▶ _What the task asks_:
Retype the records that come next, word for word.

▶ _Data for this task_:
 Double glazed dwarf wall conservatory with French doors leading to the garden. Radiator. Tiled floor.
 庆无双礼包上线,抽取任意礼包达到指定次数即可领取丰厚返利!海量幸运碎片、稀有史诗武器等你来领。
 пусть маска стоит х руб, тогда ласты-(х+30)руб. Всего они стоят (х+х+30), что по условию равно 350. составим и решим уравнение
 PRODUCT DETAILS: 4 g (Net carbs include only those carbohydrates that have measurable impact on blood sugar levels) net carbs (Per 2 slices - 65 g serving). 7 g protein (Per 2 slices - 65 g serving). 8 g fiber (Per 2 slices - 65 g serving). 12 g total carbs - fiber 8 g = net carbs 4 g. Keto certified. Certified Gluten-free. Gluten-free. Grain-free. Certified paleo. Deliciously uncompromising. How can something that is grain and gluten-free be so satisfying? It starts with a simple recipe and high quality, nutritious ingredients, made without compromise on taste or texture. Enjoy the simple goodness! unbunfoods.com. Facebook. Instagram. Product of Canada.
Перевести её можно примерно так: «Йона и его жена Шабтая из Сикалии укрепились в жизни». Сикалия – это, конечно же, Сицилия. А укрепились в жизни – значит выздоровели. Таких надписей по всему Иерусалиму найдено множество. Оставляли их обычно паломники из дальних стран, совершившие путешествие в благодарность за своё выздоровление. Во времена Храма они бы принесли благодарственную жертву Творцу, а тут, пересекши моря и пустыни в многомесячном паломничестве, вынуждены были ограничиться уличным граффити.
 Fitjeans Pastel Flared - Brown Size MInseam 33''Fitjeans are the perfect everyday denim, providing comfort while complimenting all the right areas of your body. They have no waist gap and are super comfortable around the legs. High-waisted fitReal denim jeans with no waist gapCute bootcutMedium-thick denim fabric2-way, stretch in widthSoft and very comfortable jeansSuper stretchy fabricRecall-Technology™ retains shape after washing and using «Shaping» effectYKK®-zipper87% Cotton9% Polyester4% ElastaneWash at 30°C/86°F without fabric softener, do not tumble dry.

▶ _Exercise response_:
 Double glazed dwarf wall conservatory with French doors leading to the garden. Radiator. Tiled floor.
 庆无双礼包上线,抽取任意礼包达到指定次数即可领取丰厚返利!海量幸运碎片、稀有史诗武器等你来领。
 пусть маска стоит х руб, тогда ласты-(х+30)руб. Всего они стоят (х+х+30), что по условию равно 350. составим и решим уравнение
 PRODUCT DETAILS: 4 g (Net carbs include only those carbohydrates that have measurable impact on blood sugar levels) net carbs (Per 2 slices - 65 g serving). 7 g protein (Per 2 slices - 65 g serving). 8 g fiber (Per 2 slices - 65 g serving). 12 g total carbs - fiber 8 g = net carbs 4 g. Keto certified. Certified Gluten-free. Gluten-free. Grain-free. Certified paleo. Deliciously uncompromising. How can something that is grain and gluten-free be so satisfying? It starts with a simple recipe and high quality, nutritious ingredients, made without compromise on taste or texture. Enjoy the simple goodness! unbunfoods.com. Facebook. Instagram. Product of Canada.
Перевести её можно примерно так: «Йона и его жена Шабтая из Сикалии укрепились в жизни». Сикалия – это, конечно же, Сицилия. А укрепились в жизни – значит выздоровели. Таких надписей по всему Иерусалиму найдено множество. Оставляли их обычно паломники из дальних стран, совершившие путешествие в благодарность за своё выздоровление. Во времена Храма они бы принесли благодарственную жертву Творцу, а тут, пересекши моря и пустыни в многомесячном паломничестве, вынуждены были ограничиться уличным граффити.
 Fitjeans Pastel Flared - Brown Size MInseam 33''Fitjeans are the perfect everyday denim, providing comfort while complimenting all the right areas of your body. They have no waist gap and are super comfortable around the legs. High-waisted fitReal denim jeans with no waist gapCute bootcutMedium-thick denim fabric2-way, stretch in widthSoft and very comfortable jeansSuper stretchy fabricRecall-Technology™ retains shape after washing and using «Shaping» effectYKK®-zipper87% Cotton9% Polyester4% ElastaneWash at 30°C/86°F without fabric softener, do not tumble dry.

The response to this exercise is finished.